Since I literally cannot help myself, I continued testing, and, found a flaw with the directional accuracy metric I was using, and added in some additional metrics for existing trend capturing for forecast selection.
I ended up with:
81% daily directional accuracy (returns a positive return 81% of days at the end of the day), with a 23% ROI over 27 days of historical trades with a 10-winner model.
If I reduce it to 3 winners, it jumps to 37% ROI over 27 days, but drops daily directional accuracy to 71% for the same time period. So, it has more days where it fails to return, but returns more overall.
Going to try a 3-winner run for a month and then a 10-winner run for a month if it doesn’t maintain the expected daily ROI. Either way, 71% and 81% daily directional accuracy is substantial. Finally.
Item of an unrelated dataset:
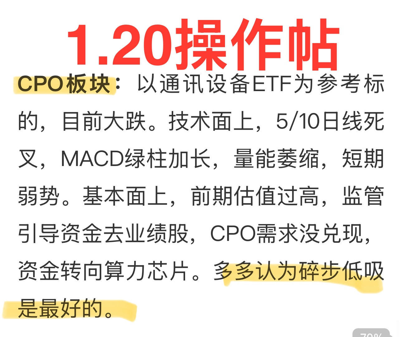 CPO板块:以通讯设备ETF为参考标的,目前小涨一个多点,技术面上,震荡上行,依托5日线,MACD红柱小幅放大,光模块价格企稳,海外订单回流,800G/1.6T产品量产加速。周线看涨!

I also built a pretty little graph that will show Tetsuo’s balance over time:
https://tetsuo.silogroup.org/performance_graph.html
I guess it’s time to shut up and let it run.
One mistake I was making with this was looking purely at individual forecast directional accuracy instead of grabbing the winners for each day being tested and calculating the total ROI, and, negative or positive, attributing a “win” or a “loss”. So, technically a return of 0.00001 is a “win” and counts towards directional accuracy in this new model, but, that’s alot better than a negative.
Overall this is performing well, but, if this ends up not being what the sims run, which has happened before, I may be nearing my limit of being able to improve it without swapping out the underlying time series forecasting engine.
As of 2024-11-25, it has 1030.98 for its balance. Let’s see where it’s at on Christmas morning.